We got a new sergeant and a new corporal to replace Demorski, who was so wounded he was shipped back to the states. He finally got to see his girls, but he would experience their lives from the wheelchair of a paraplegic. The rest of the tour was uneventful. No one in the platoon questioned why we were ordered to stay in the camp that day. Most felt it was better that way that two more didn’t get put into harm’s way.
When we got back to the states, we did what we had pledged to do. We visited the families of our deceased and told them how they lived. Hormone was easy. There wasn’t much to say, except he died in the line of duty, following the orders of his sergeant to the fullest. We had a problem with the sergeant’s mother and father, however.

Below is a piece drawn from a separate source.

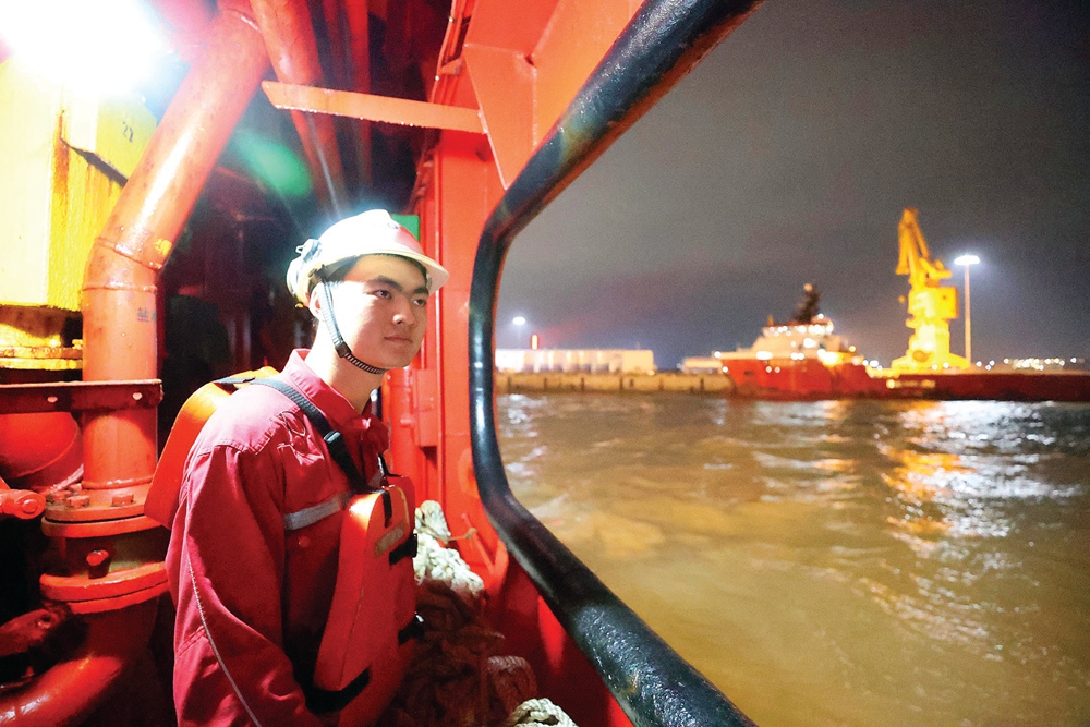 夜間行船過(guò)程中,“海洋石油681”年輕的船員在查看航道安全情況。

When we arrived to the sergeant’s home place, we found that they mother and father seemed not to be really affected by the death of their son. The military had not told them, of course, of the horrible way their son’s remains were found, but they did not seem to be despondent in any way.
“Mr. and Mrs. Teal, my name is Corporal Thomas Wright. This is Private First Class Jackson Turmon. We were in your son’s platoon in Afghanistan. It is so nice to finally meet the parents of the man who was such an influence on us.”
Mr. Teal was the first to speak, “I guess that queer sucked both of you too.”
“Sir?” we both exclaimed almost strangling at the off colored suggestion.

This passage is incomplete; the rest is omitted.